Sunday, July 1, 2012

Turbulence

My husband and I suffered a terrible loss this week. Our one and only car has died. It was only 13 years young, with 272,000 miles, and we will miss it dearly. It was my husband's first car that he's babied along for the last 10 years. This has caused some turbulence in our world. We live about 35 miles from work so we absolutely have to have a car to get back and forth 70+ miles each day.

Anyway, we're not poor but we do struggle financially. We're young and dumb and shouldn't struggle as much as we do. We make enough money but we live the wrong way. We are not prepared at all to replace our poor car. We haven't had a car payment in years and years.

It might seem completely unrelated to TTC but it's not. It's hard to put my numerous ideas in an order that makes sense.

Money always takes a TTC in a big loop. The money we're having to spend on a new car or repairing our old car could be spent on TTC. When I say "new car" I do not mean "new". My husband and I would never go buy a brand new car. We're only talking upgrading from our embarrassing old rust wagon to something 5 or so years old with about 100k less miles. The old car we have is not suitable for a child, if that is the car that will take our baby on it's first car ride I will be a little ashamed of myself. If we got a new car, it's a couple years commitment for monthly car payments, even less and less money for us. I know that we have to get a different car eventually I just really wish we had more time to prepare. 

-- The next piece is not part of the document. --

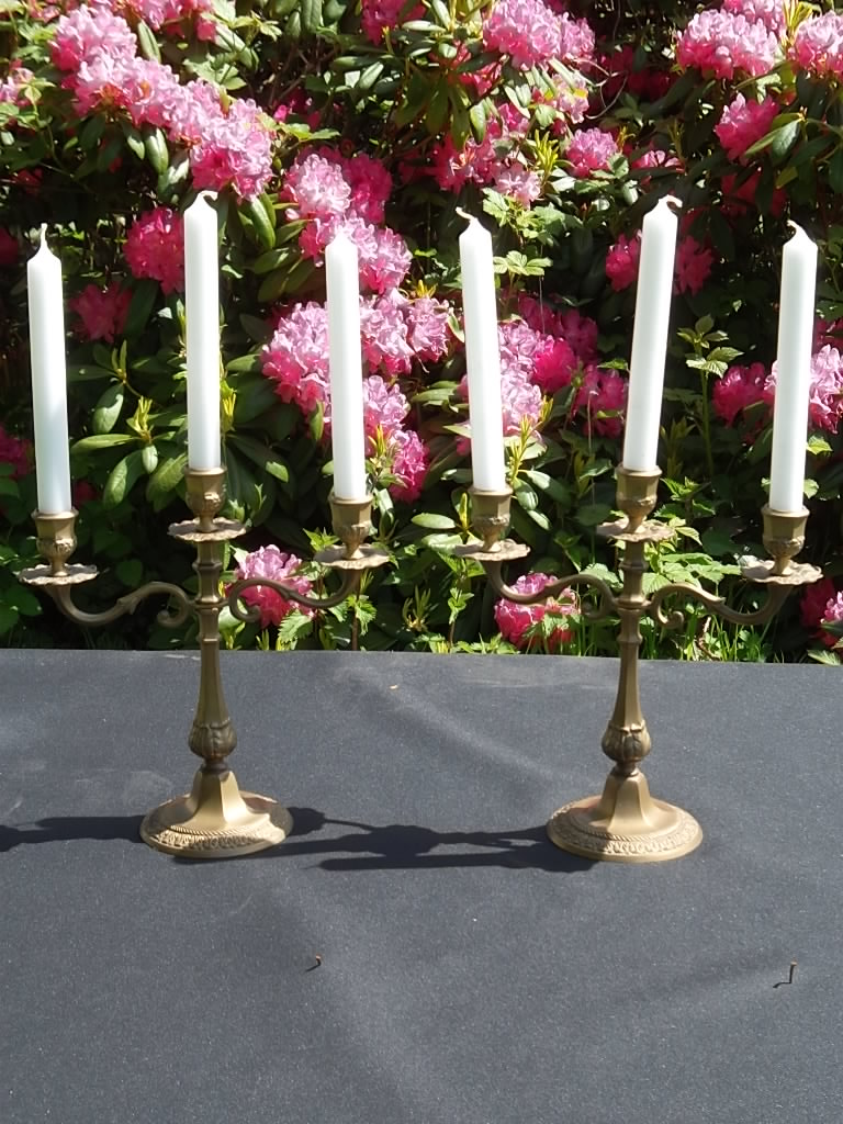 Cute Pair of Vintage French Brass 1960s Candlesticks

Honestly this turbulence has made me reconsider TTCing. I can't be alone in feeling this way when faced with hard decisions. In the back of my mind old cliches say "When you stop wanting it, it will happen." and then I get excited for the mystical fertility magic of "stop thinking about it".

This is cycle day 23, and Aunt Flow should be here probably late this week. Until then I'll be car shopping and crying.